During my time in prison, my mind detoxed from the alcohol and other substances I was taking. I realized that I was going down a path I didn’t want for my newborn son. When I got out of prison, and while I was in there, my son’s mother decided she wasn’t going to allow me to be a part of his life. We went to court for custody, which by the grace of God, I won sole custody of my son.

During this lengthy court process, I started changing into a man. That is when I met my wife. Our first year into our relationship, she conceived our daughter Milani and things finally started to feel stable like how I grew up. Things stayed like that for some eight years, still never hearing nor reading God’s Word.

In September of 2017, my hero, my best friend, my Papa, Bob Sweat, fell ill with dementia and ended up in hospice care. On Christmas Eve of 2017, right after we all ate dinner, he opened his eyes very briefly and took his final breath and passed away. Now it’s here that my mind started to change a bit. I thought to myself, “Where are you at, Papa? Where did your soul go? Where do all of our souls go?”

A Door Opened

A little under two years after my Papa passed away, I was still having these reoccurring thoughts. In September of 2019, my Papa’s best friend, Mr. Steven Jacob, fell ill and passed away. His wife, Mrs. Sue Jacob, invited us to his memorial service that was at the local church. That morning was no different than the rest. I woke up and got ready for his service. I thought to myself, “I don’t want to go to this service, but I will since it was my papa’s best friend.” So

When we pulled up to the church, I remember thinking about how uncomfortable I already was. We exited our vehicle and entered the church. Immediately, I felt a feeling I never felt before. It was a comforting, loving, caring feeling. So, we took a seat in the pew next to my friends and family. The pastor started speaking, and almost instantly, I fell into a trance and did not even blink an eye during his entire sermon. When the sermon ended, I fell out of the trance.

We proceeded to exit the sanctuary, and the pastor was standing by the door, greeting guests. I ducked my head, hoping he wouldn’t greet me. However, he did. He pulled me to the side and introduced himself as Pastor Rick, the head pastor at Bethany Baptist. I introduced myself as Bobby. He looked intently into my eyes and said, “Well, Bobby, your presence here today was very graceful. I ask that you join us again next Sunday.” We shook hands, and I walked out.

Giving My Life to God

As soon as I got into my truck, that feeling that overwhelmed me when I first got to the church that morning weighed very heavy on my heart.
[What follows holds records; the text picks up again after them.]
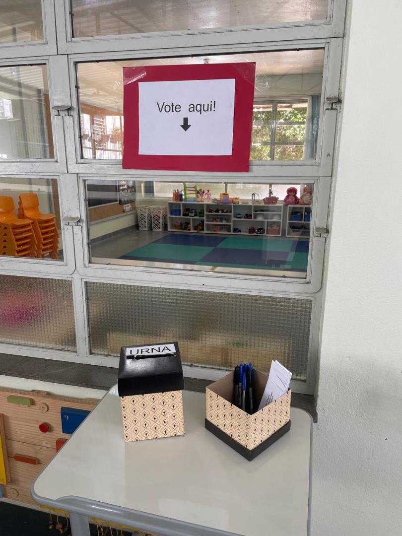 As turmas da IENH - Unidade Oswaldo Cruz participaram, no dia 8 de dezembro, de uma votação para definir o nome do espaço onde ficam as tartarugas da escola. Cada turma registrou seu voto entre três opções: Casa do Casco, Toca da Tartaruga e Turma do Casco.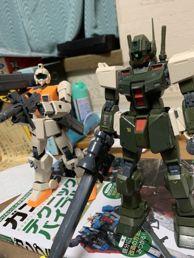 改造中のジムスナイパーIIと、 装備取られた陸ジムです。 また、ジムスナイパーI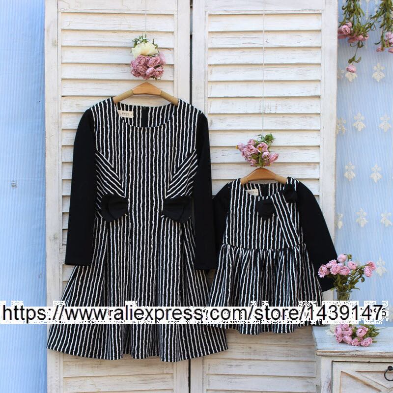 子供服母と娘のドレス黒と白のストライプ、2-10歳の子供女の子服、女性大きいサイズ4xl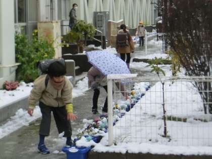 わたしが見たとき、2年生が、育てているパンジーにのっている雪を取り除いていました。優しいですね。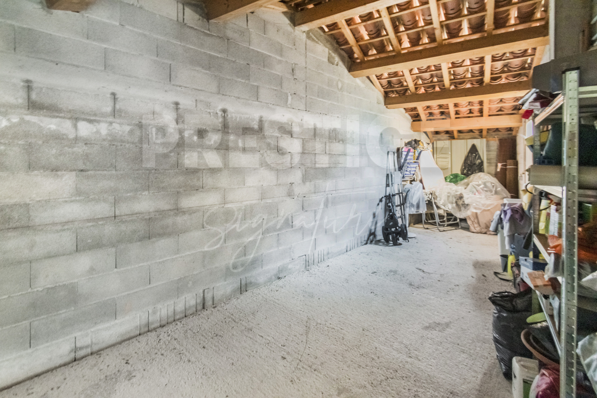 Le jardin, entièrement paysagé, accueille une piscine aux généreuses dimensions, créant un véritable havre de détente. Le garage à porte électrique permet le stationnement d'un véhicule, avec la possibilité de garer jusqu'à trois voitures supplémentaires sur la propriété.

Something whispered in my head and said, “Bob, go home and read the Bible.” However, right then, another voice whispered to me, and this time I recognized that voice. It was the voice I heard all my life. It was the evil one. He said, “Why read the Bible? You’re never going to understand it.” Then the overwhelming voice whispered once more, “Bob, please just try.”

That was it. As soon as I got home, I pulled out my Papa’s old Bible and started reading it for the first time in my 33 years. I read God’s Word. Here I am, almost a year later, and I’m in my studies at the Christian Leaders Institute with its free online classes. During my walk with the Lord, I married my wife Candice this past March 7th after being together for ten years. A month after that, we were baptized in the name of the Father, the Son, and the Holy Spirit.

Free Online Classes at CLI

Now our family is very close to the pastor and his family. We are doing family outings with each other almost every weekend. Other than that, all I do with my time is to study God’s Word, along with taking these free online classes at CLI. Thank you, CLI!

My spiritual dream is to share the Gospel wherever God leads me. I want to bring this joy, this love, this peace to everyone. We are all sinners in need of a Savior, and that Savior is Jesus Christ, the Messiah!